3. The methodology I outline here is not related to the work of Sandro Mezzadra and Brett Neilson (Citation2013) who have developed a way to understand the border as a method. They aim their ‘border method’ at economic flows and financial transitions.

4. Fine has long inspired my research and methodological framing. In her conception of ‘hyphens’ (Citation1994) she takes serious account of the many hyphens in our work, including self and other, the lines that separate knowledge makers from those studied in stereotypical sociological studies.

5. I mean ‘toolbox’ in the way that many of us in the History of Consciousness Department at UCSC were trained: rather than adhere to any one method, we should become agile enough with a few method-tools and use them as necessary, changing them as needed for particular parts of our research. I do not mean ‘toolbox’ in the way that Eigenbrode et al. (Citation2007) develop their ‘toolbox for philosophical dialogue’ methodology.

6. For a clear analysis of the ways dreaming states have been misinterpreted as either unimportant or symptomatic of disorders, causing a widespread dismissal of ‘visionary episteme,’ see Lee Irwin (Citation1994, 9–25).

7. My ontological understanding of objects that evidence will, intention, and agency leads me to use ‘whom’ in such contexts.

8. The Yoeme Testamento can better be understood either in Evers and Molina (Citation1992) or in Shorter (Citation2009, 67–98).

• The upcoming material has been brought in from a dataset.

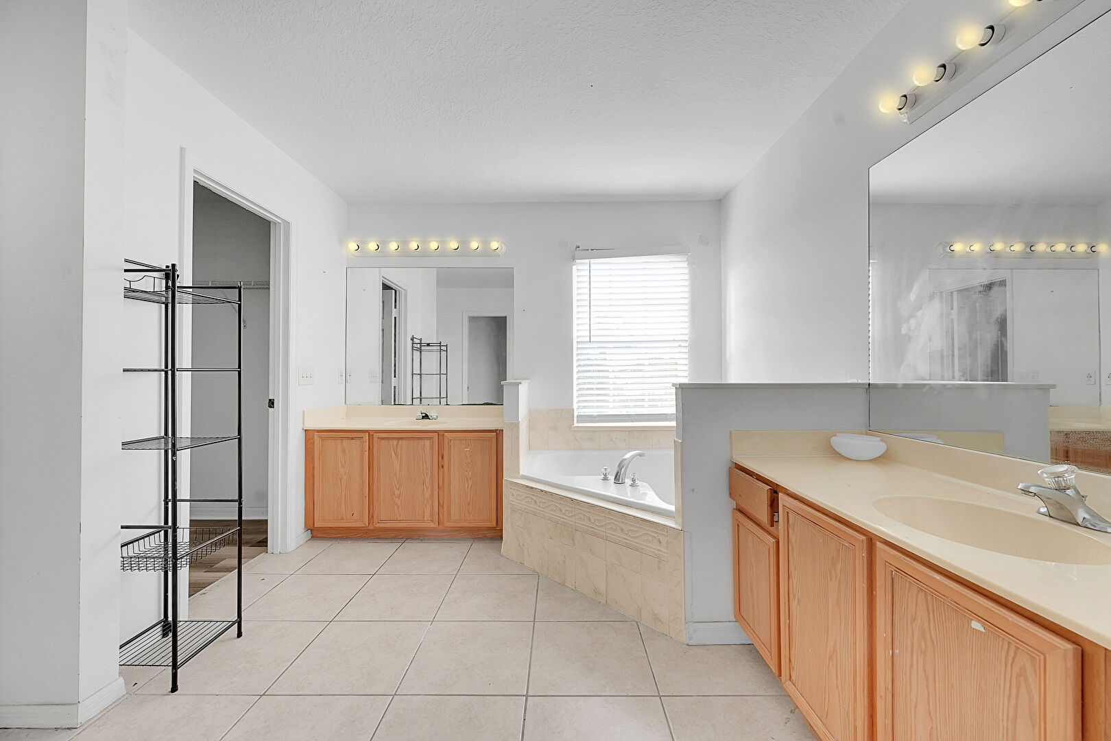 Closet, Drywall, Full Bathroom, Natural Light, Textured Ceiling, Tile Floor, Two Single Vanities, Drywall, Vanity

9. See Maffie (Citation2014) for an in-depth analysis of nepantla that gives more weight to Anzaldúa’s choice. Nepantla might best be described as the messiness of sex as the state of the universe, as when two bodies of water meet.

Additional information

Notes on contributors

David Delgado Shorter

David Delgado Shorter is the author of an award-winning book and the recipient of the University’s top teaching award. Dr. Shorter has created three digital publications, produced and directed an ethnographic film, and curated exhibits both on-line and in Los Angeles. His research includes over two decades of collaboration with an Indigenous community in Mexico and studying the borderland between the objective and intersubjective sciences. He is currently directing the Archive of Healing, an on-line database of traditional medical knowledge from around the globe.